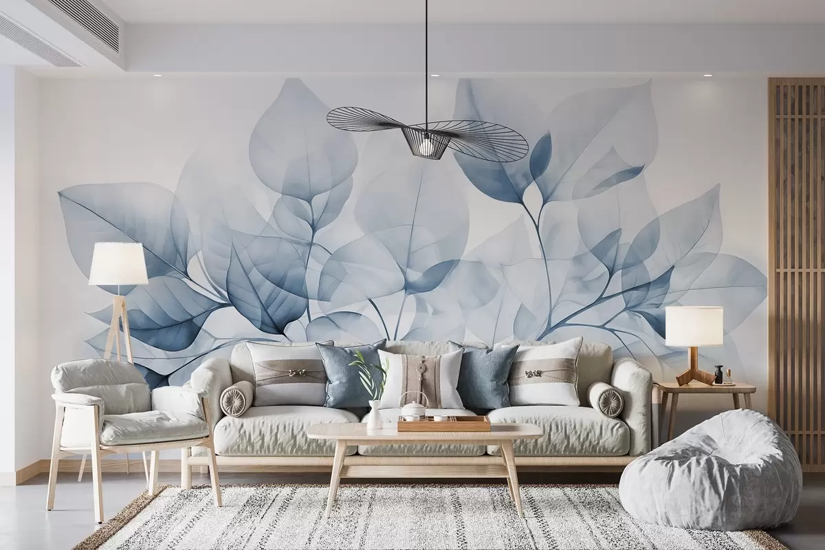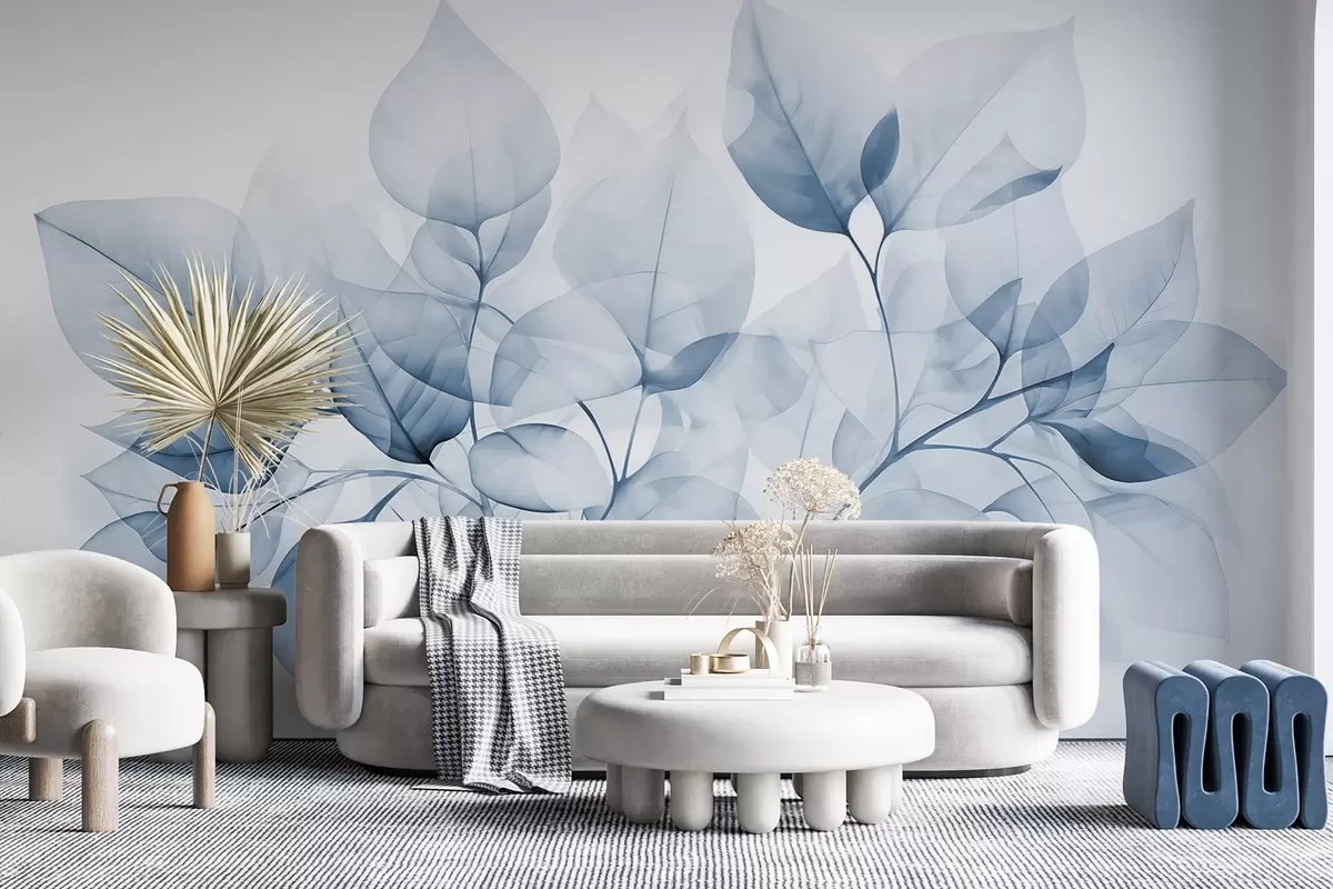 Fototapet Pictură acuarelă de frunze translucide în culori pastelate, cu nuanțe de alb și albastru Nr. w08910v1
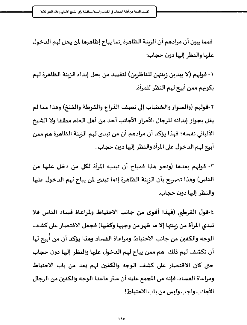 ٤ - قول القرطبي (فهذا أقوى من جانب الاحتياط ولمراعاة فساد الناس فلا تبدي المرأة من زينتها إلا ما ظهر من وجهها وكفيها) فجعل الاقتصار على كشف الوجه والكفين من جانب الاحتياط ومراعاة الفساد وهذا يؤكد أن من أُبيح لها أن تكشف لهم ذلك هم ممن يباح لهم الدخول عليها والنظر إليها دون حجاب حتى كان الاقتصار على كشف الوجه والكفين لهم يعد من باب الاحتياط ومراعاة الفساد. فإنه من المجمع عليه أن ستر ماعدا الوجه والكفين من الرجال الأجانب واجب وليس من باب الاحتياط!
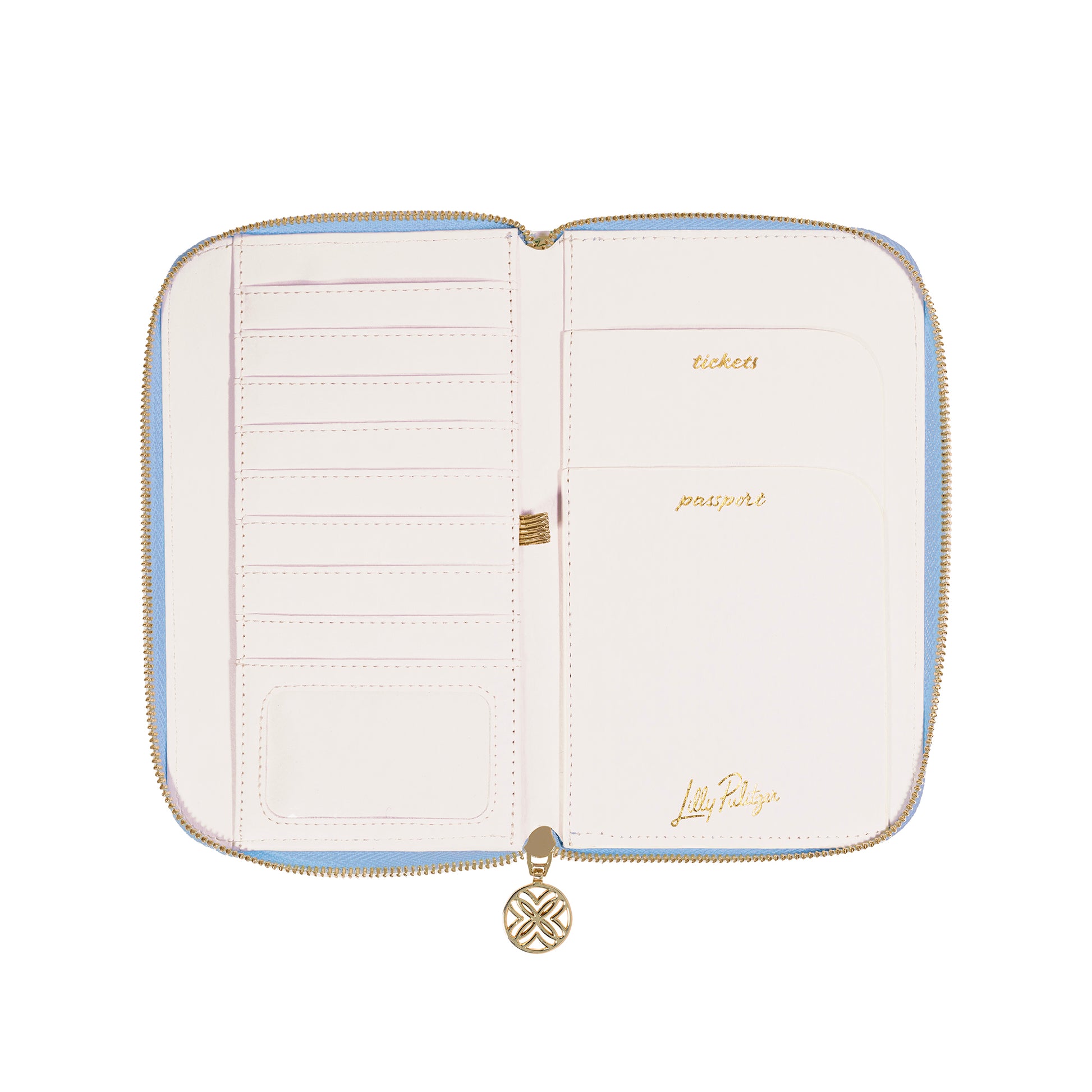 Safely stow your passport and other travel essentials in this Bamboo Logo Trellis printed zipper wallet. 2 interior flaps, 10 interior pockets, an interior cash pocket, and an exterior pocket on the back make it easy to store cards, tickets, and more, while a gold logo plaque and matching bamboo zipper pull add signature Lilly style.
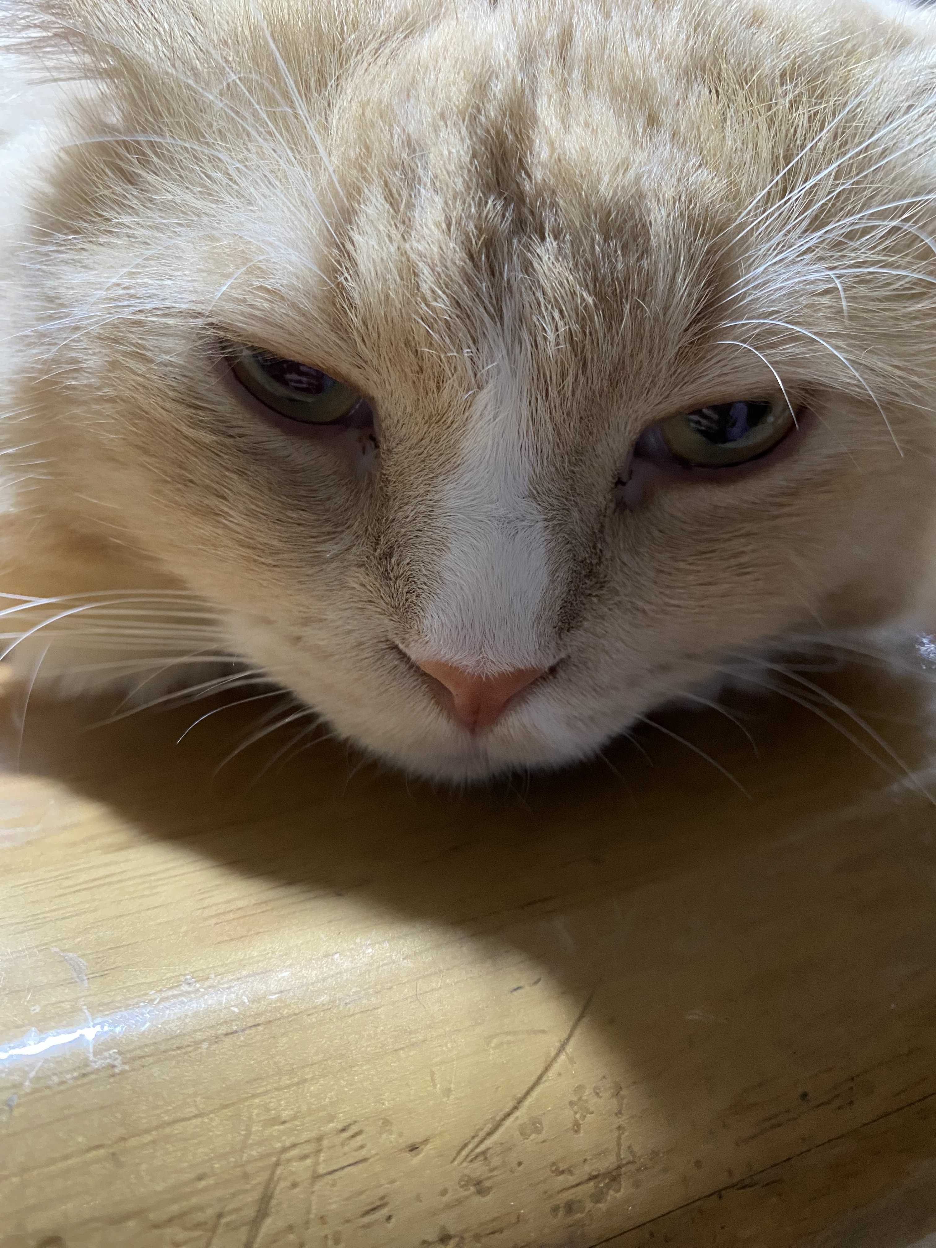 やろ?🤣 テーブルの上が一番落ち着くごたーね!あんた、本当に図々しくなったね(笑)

■ TASK BRIEF: Give back, exactly and with nothing added, the lines from the line with "٤ - قول القرطبي" through the final line of the data, both included; leave pictures out.

■ EXERCISE OUTPUT:
 ٤ - قول القرطبي (فهذا أقوى من جانب الاحتياط ولمراعاة فساد الناس فلا تبدي المرأة من زينتها إلا ما ظهر من وجهها وكفيها) فجعل الاقتصار على كشف الوجه والكفين من جانب الاحتياط ومراعاة الفساد وهذا يؤكد أن من أُبيح لها أن تكشف لهم ذلك هم ممن يباح لهم الدخول عليها والنظر إليها دون حجاب حتى كان الاقتصار على كشف الوجه والكفين لهم يعد من باب الاحتياط ومراعاة الفساد. فإنه من المجمع عليه أن ستر ماعدا الوجه والكفين من الرجال الأجانب واجب وليس من باب الاحتياط!
 Safely stow your passport and other travel essentials in this Bamboo Logo Trellis printed zipper wallet. 2 interior flaps, 10 interior pockets, an interior cash pocket, and an exterior pocket on the back make it easy to store cards, tickets, and more, while a gold logo plaque and matching bamboo zipper pull add signature Lilly style.
 やろ?🤣 テーブルの上が一番落ち着くごたーね!あんた、本当に図々しくなったね(笑)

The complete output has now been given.